- Koncentrowaliśmy się przez całe spotkanie, żeby nie stracić gola i zagrać na zero. Przeciwko Legii było to coś fantastycznego. Co do konkursu karnych, wierzyłem w siebie, że dam radę coś obronić, ale wierzyłem też w kolegów, że sami strzelą wszystko. Udało się - powiedział Lukas Hrosso w rozmowie z Polsatem Sport.
Samo spotkanie nie dostarczyło wielkich emocji. - Graliśmy o trofeum, Superpuchar. Legii nie udawało się go zdobyć sześć razy z rzędu, teraz już siedem, ale dla nas to była dopiero pierwsza taka szansa. Jesteśmy bardzo szczęśliwi, że wygraliśmy. Sukces dedykuję również tym, którzy nie mogli w piątek wystąpić. Wśród nich byli zawodnicy, którzy wywalczyli wcześniej Puchar Polski i dali nam możliwość zagrać o Superpuchar - dodał.
Słowak rozegrał dopiero drugie spotkanie w tym sezonie. Wcześniej wystąpił w meczu I rundy eliminacyjnej Ligi Europy z Malmoe FF (0:2). W PKO Ekstraklasie trener Michał Probierz stawiał na Karola Niemczyckiego. Dobry występ w Warszawie może nieco poprawić sytuację Lukasa Hrosso.

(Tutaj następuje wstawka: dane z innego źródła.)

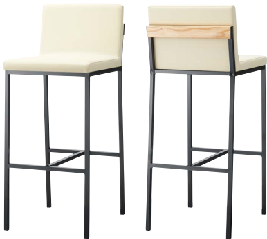
オーダースタンドBL1 21598-E C/レザー・セラファイト・プロL-8090
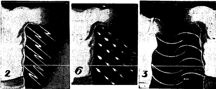
Islandzkiemu fizykowi prof. Kollmannowi udało się po długich próbach dokonać zdjęcia fal elektrycznych, jakie wydziela ze siebie organizm ludzki. Oto uchwycone na kliszy trzy klasyczne typy fal: Te na lewo, podobne do błysku gromu, wydzielały ze siebie ludzie w momencie silnego gniewu, następnym rodzajem kroplistych fal charakteryzujących zdeklarowanego pijaka, a wreszcie trzeci gatunek fal ma bardzo znamienne znaczenie, bowiem wydziela je czująca do siebie dużą sympatię para. Jak widać fale te mają tendencję do wzajemnego połączenia się.

- Myślę, że już nie muszę niczego udowadniać, ale w każdym treningu daję z siebie sto procent. Decyzja należy do trenera. Dziękuję mu, że w ubiegłym sezonie mogłem bronić przez cały Puchar Polski, a teraz w Superpucharze. To była nagroda - zakończył.
Czytaj także:
Polska - Finlandia. Grzegorz Lato: Psychicznie kadra się podbuduje, ale rywal był bardzo słaby
Serie A: Arkadiusz Milik w fatalnej sytuacji. "Nie ma żadnych szans na grę, straci kilka miesięcy"
ZOBACZ WIDEO: Liga Europy. Tomaszewski bezlitosny dla Michniewicza i Legii Warszawa. "Postanowiłem wykreślić ich z mojej pamięci"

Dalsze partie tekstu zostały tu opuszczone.